На другой день он должен был отправиться в горы. Чтоб доказать ему в последний раз мою преданность, я посадил его на верблюжьем седле и, в виду целого улуса, выбрил ему голову. Ловкость, с которою я его отделывал, подала туркменам высокое обо мне понятие, и каждый из них вспомнил нечаянно, что и ему также пора брить себе голову. В скором времени слава моя распространилась по всему кочевью. Узнав о моих дарованиях, сам Аслан-султан велел мне немедленно доказать на его лбу истину рассказываемого подчинёнными. Я должен был работать на черепе, изрубленном в разных направлениях сабельными ударами до того, что поверхность могла б служить хорошим изображением той гористой пустыни, через которую туркмены везли нас в свои кочевья. У Аслан-султана доселе почиталось уже большим наслаждением, когда степной бородобрей больно скребал ему темя ножом, которым сдирают шкуру с баранов, и теперь, под моей рукою, чувствовал себя как будто бы в раю.
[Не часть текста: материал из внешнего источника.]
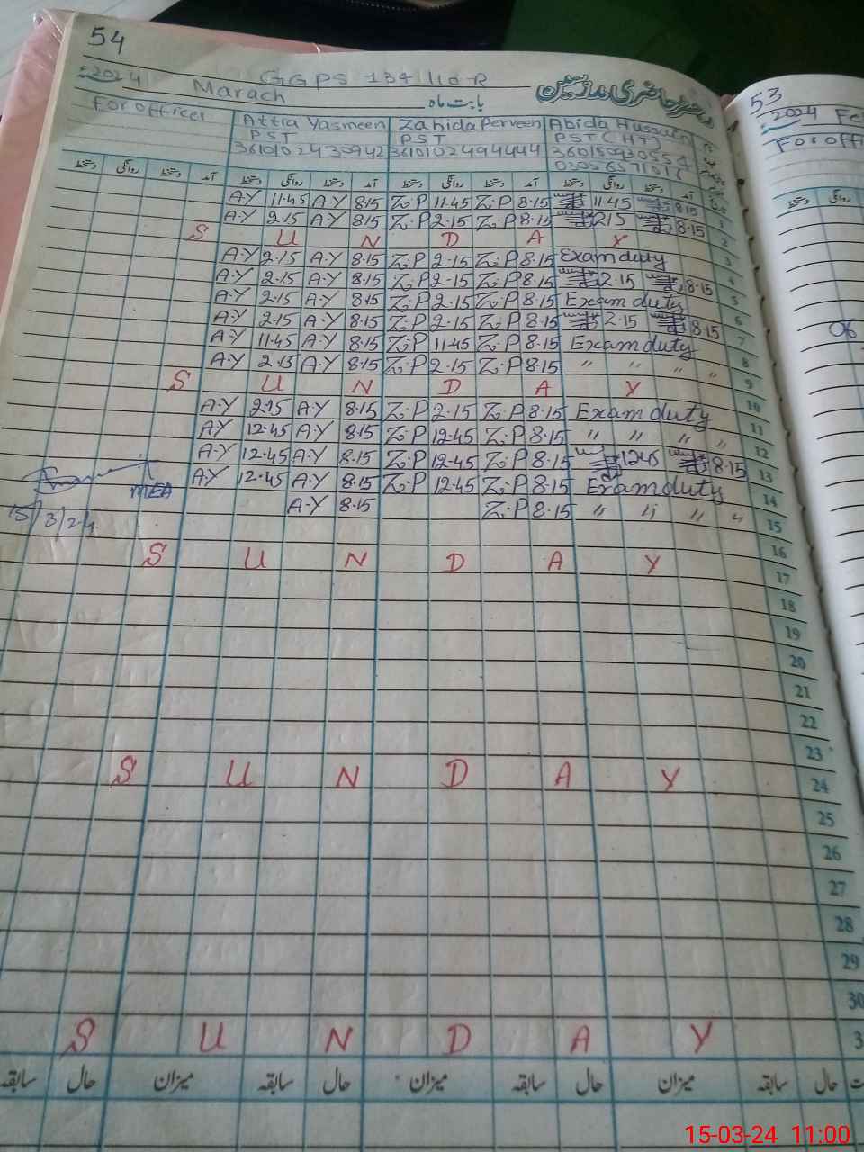 | 36**** | Ab**** Hu**** | 1 | 1 | 0 | 0 | 0 | 0 | 0 | 0 | 0 | 0 | 0 | Exam Duty |

Он осыпал меня похвалами и сказал, что я брею его не по коже, но по душе, расстоянием за два дня пути под кожей. В порыве своего восторга он поклялся, что не отпустит меня из степи ни за какой выкуп, и тотчас наименовал меня своим бородобреем.
Я, правда, был в неволе, но положение моё ежедневно становилось приятнее: я пользовался милостью султана и не отвергал расположения ко мне главной его жены. Сношения мои с бану ограничивались доселе нежными взглядами и некоторыми доказательствами учтивости с её стороны и благодарности с моей. Я слишком дорожил своими ушами и носом и оттого не старался проникнуть в её юрту; она не имела надобности в бородобрее и не находила предлога к ближайшему со мной знакомству. Но как туркмены не так уже чужды образованности, чтоб не знать, что бородобреи в Персии вместе и лекари, умеют пускать кровь, рвать зубы и править кости, то бану вдруг почувствовала нужду пустить себе кровь и прислала спросить меня, могу ли я оказать ей эту услугу. Я отвечал, что, если только мне дадут ланцет или перочинный ножик, я готов удовлетворить её желанию. Я имел предчувствие, что этот случай может обратиться в величайшую мою пользу.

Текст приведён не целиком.